▶ **Stored records**:
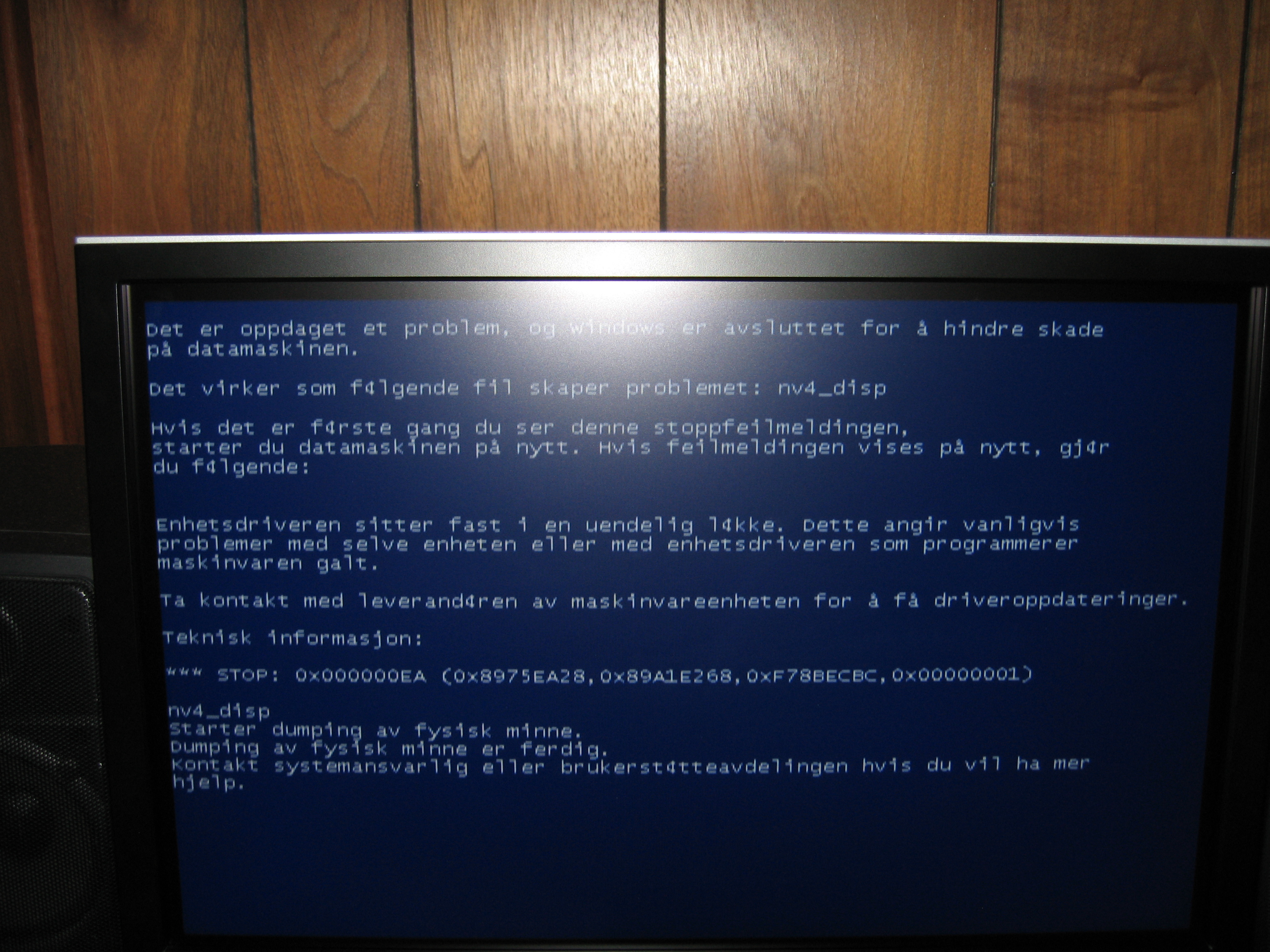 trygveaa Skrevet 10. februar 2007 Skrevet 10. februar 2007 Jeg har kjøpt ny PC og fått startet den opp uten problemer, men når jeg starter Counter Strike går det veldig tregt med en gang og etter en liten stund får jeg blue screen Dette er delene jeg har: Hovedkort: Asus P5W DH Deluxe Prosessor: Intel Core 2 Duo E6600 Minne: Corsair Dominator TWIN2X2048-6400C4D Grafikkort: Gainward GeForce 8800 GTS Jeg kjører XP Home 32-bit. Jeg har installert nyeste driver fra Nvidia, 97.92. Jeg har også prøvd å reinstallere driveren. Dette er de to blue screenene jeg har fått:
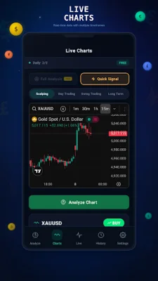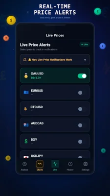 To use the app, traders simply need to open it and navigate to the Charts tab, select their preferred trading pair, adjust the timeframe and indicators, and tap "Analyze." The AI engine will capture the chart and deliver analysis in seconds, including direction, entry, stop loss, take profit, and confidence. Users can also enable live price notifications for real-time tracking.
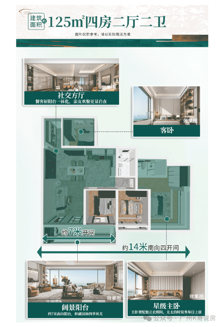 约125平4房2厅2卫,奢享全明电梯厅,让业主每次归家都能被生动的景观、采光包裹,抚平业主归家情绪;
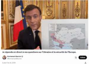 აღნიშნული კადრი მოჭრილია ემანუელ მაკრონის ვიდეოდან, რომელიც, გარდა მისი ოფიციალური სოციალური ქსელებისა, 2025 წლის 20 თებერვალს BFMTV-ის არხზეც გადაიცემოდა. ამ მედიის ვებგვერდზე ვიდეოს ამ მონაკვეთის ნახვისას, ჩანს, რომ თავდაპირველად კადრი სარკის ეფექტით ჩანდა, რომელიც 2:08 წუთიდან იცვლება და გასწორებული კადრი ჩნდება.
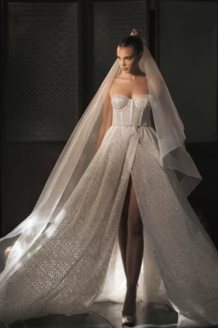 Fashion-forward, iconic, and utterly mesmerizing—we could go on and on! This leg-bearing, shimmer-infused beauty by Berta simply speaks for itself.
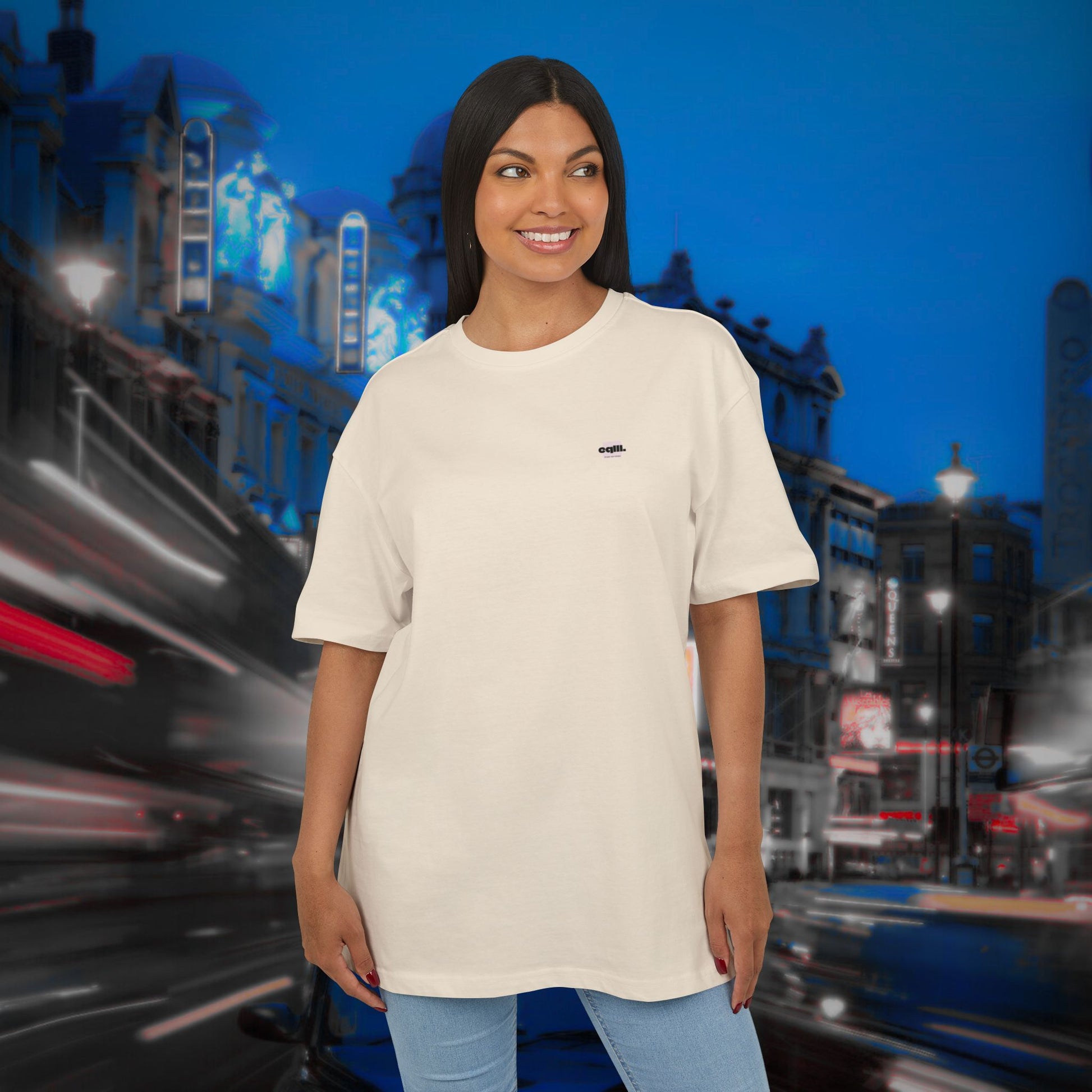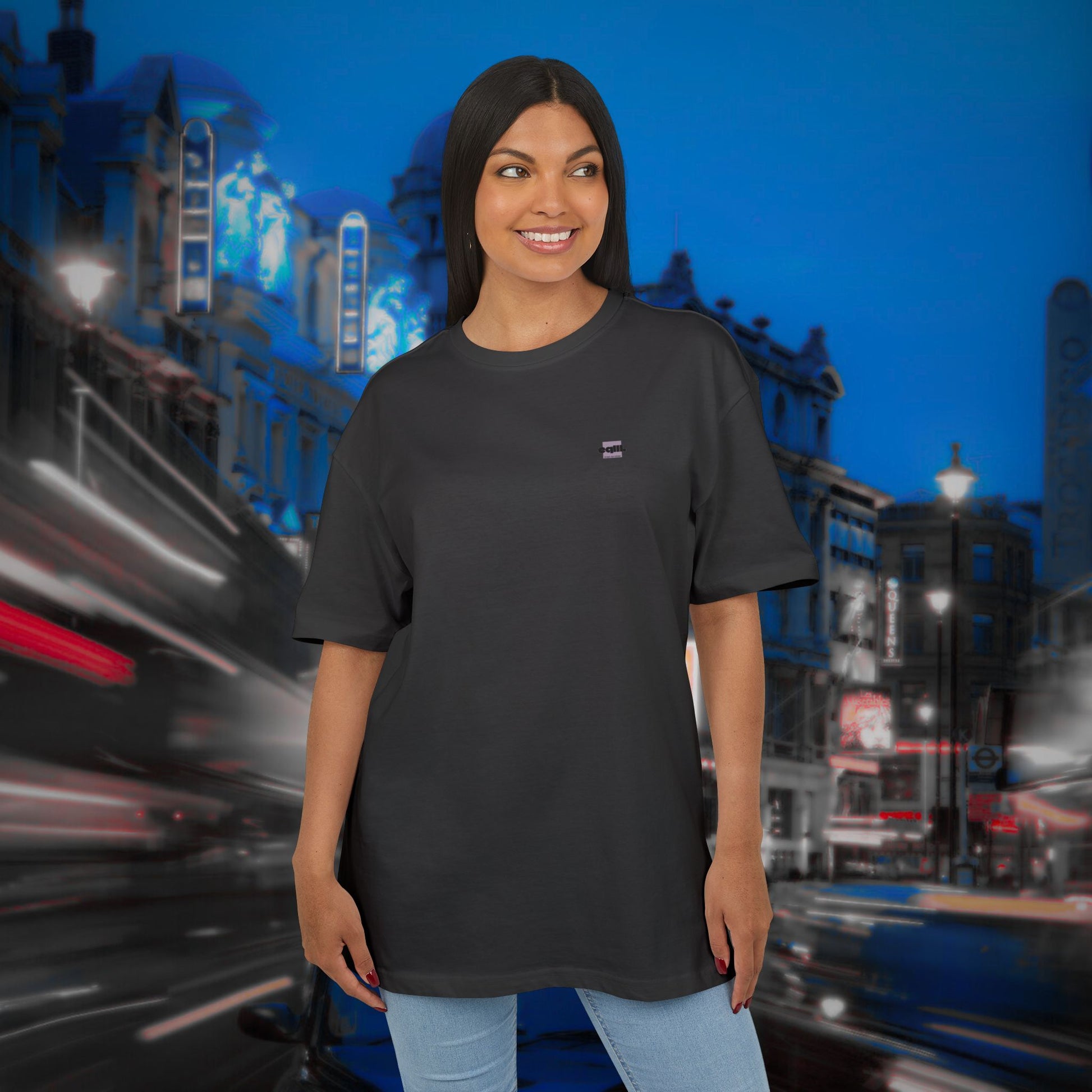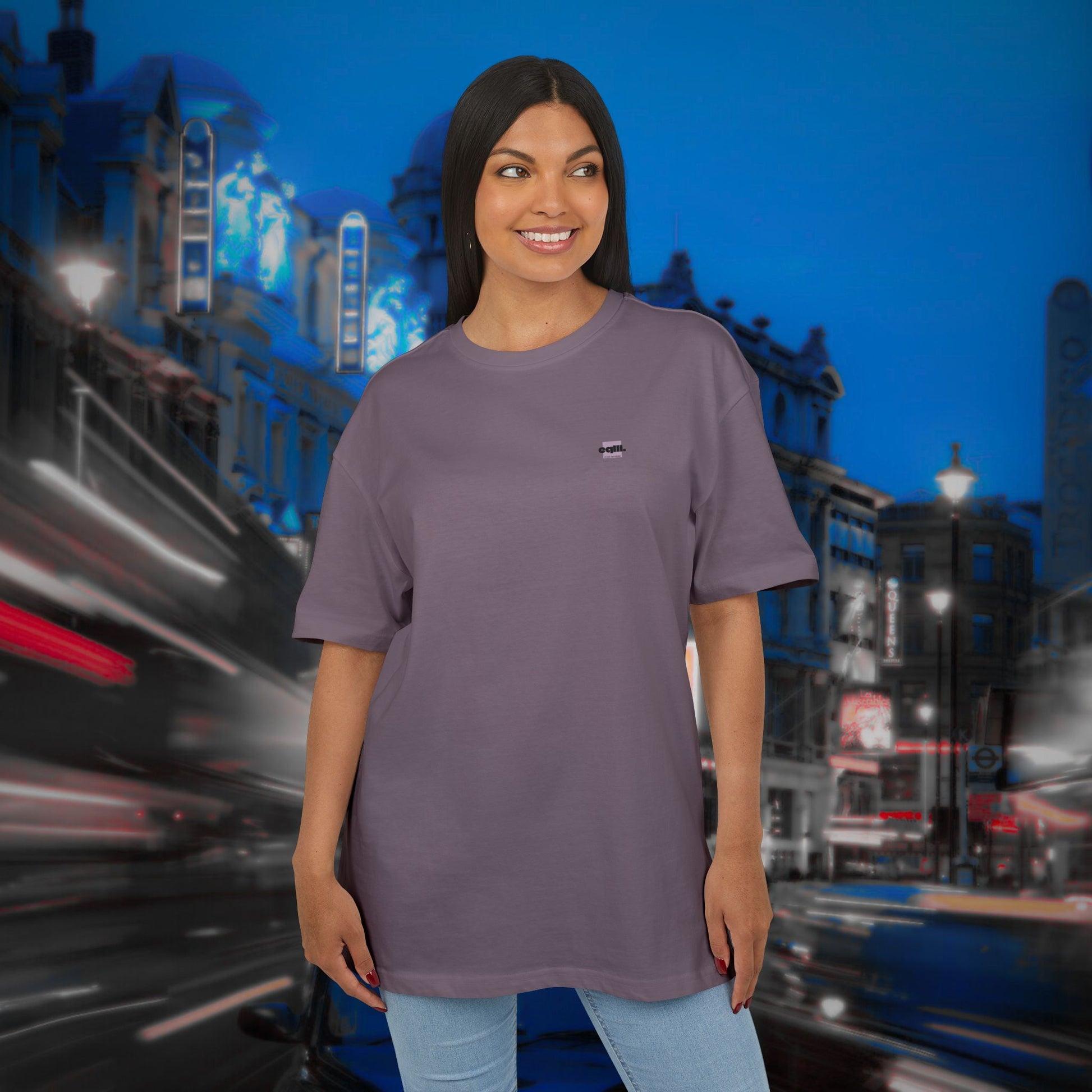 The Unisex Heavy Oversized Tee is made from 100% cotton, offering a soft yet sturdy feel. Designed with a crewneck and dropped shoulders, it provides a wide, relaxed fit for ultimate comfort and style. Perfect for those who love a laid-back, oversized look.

▶ **Prompt**:
With images omitted, output the data exactly as given.

▶ **Result**:
 trygveaa Skrevet 10. februar 2007 Skrevet 10. februar 2007 Jeg har kjøpt ny PC og fått startet den opp uten problemer, men når jeg starter Counter Strike går det veldig tregt med en gang og etter en liten stund får jeg blue screen Dette er delene jeg har: Hovedkort: Asus P5W DH Deluxe Prosessor: Intel Core 2 Duo E6600 Minne: Corsair Dominator TWIN2X2048-6400C4D Grafikkort: Gainward GeForce 8800 GTS Jeg kjører XP Home 32-bit. Jeg har installert nyeste driver fra Nvidia, 97.92. Jeg har også prøvd å reinstallere driveren. Dette er de to blue screenene jeg har fått:
 To use the app, traders simply need to open it and navigate to the Charts tab, select their preferred trading pair, adjust the timeframe and indicators, and tap "Analyze." The AI engine will capture the chart and deliver analysis in seconds, including direction, entry, stop loss, take profit, and confidence. Users can also enable live price notifications for real-time tracking.
 约125平4房2厅2卫,奢享全明电梯厅,让业主每次归家都能被生动的景观、采光包裹,抚平业主归家情绪;
 აღნიშნული კადრი მოჭრილია ემანუელ მაკრონის ვიდეოდან, რომელიც, გარდა მისი ოფიციალური სოციალური ქსელებისა, 2025 წლის 20 თებერვალს BFMTV-ის არხზეც გადაიცემოდა. ამ მედიის ვებგვერდზე ვიდეოს ამ მონაკვეთის ნახვისას, ჩანს, რომ თავდაპირველად კადრი სარკის ეფექტით ჩანდა, რომელიც 2:08 წუთიდან იცვლება და გასწორებული კადრი ჩნდება.
 Fashion-forward, iconic, and utterly mesmerizing—we could go on and on! This leg-bearing, shimmer-infused beauty by Berta simply speaks for itself.
 The Unisex Heavy Oversized Tee is made from 100% cotton, offering a soft yet sturdy feel. Designed with a crewneck and dropped shoulders, it provides a wide, relaxed fit for ultimate comfort and style. Perfect for those who love a laid-back, oversized look.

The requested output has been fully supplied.